During our last conversation he was sad because he was "going to miss so much." He was right. I'm sad for him and for myself but I'm even sadder for Asa and Norah. They're missing out on having an amazing Pok Pok who would love them both so much. He was so proud of Asa and I can almost hear him laughing when I imagine telling him about the crazy, sweet, affectionate, and energetic toddler he has become. And Norah. Daddy would love how easygoing she is and her sweet smile. They deserve to know and love him and it is so unfair that they will grow up without him.
I'll just continue to tell them stories and show them pictures and hope that they feel a connection to him on some level. ...I suppose I can also continue to drink his share of lattes (in addition to mine of course), have an occasional Corona, support TX musicians, always adopt shelter pets, and dress Norah in outfits with pink flamingos plastered on them. All of these things will make me smile because they would make him smile. :)
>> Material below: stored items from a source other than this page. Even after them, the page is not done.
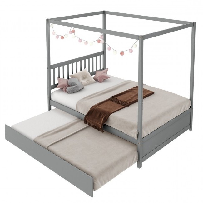 Gray Full Size Canopy Platform Bed with Twin Roller Trundle Bed Gray Full Size Canopy Platform Bed with Twin Roller Trundle Bed Gray Full Size Canopy Platform Bed with Twin Roller Trundle Bed Gray Full Size Canopy Platform Bed with Twin Roller Trundle Bed
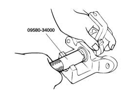 5. Remove the two guide rods (C) and caliper (D) from the bracket.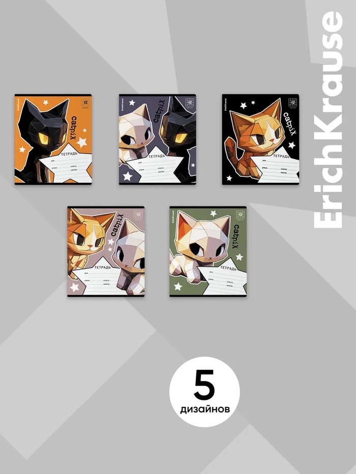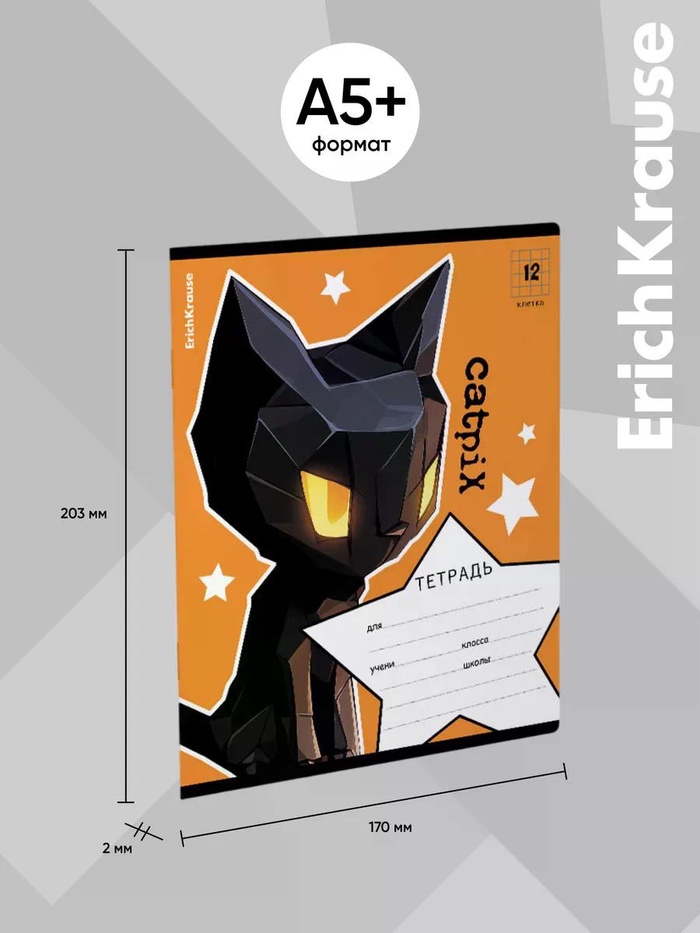 Тетрадь 2 листов в клетку ErichKrause CatPix, МИКС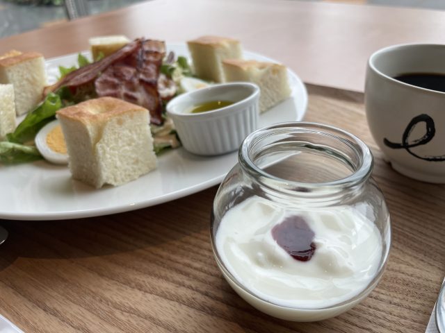 フォカッチャとサラダのプレート、ヨーグルト、選べるドリンク付き。(注文はホットコーヒー)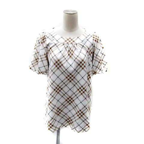 - バーバリーブルーレーベル カットソー 半袖 ラウンドネック パフスリーブ チェック柄 38 M 白 ホワイト /SY25 ■GY53 レディース

The anniversary of my mom's death is ALWAYS a hard day. And as you said, we ALL get shortchanged by the loss of a parent too soon....when they had so much life left to live! Although Ellie has some actual memories of my mom, I've told enough stories about Nona that Lily & Lucy now speak as though they have memories of her, too (she died when they were less than 3 months old). The girls know all sorts of things about Nona, and often will comment on things they think Nona would have really liked (e.g., "Nona would have loved that big, bright moon!"). All that is to say keep telling those stories and showing the kiddos pictures of your dad...it's working, I promise. Love to you, Amy!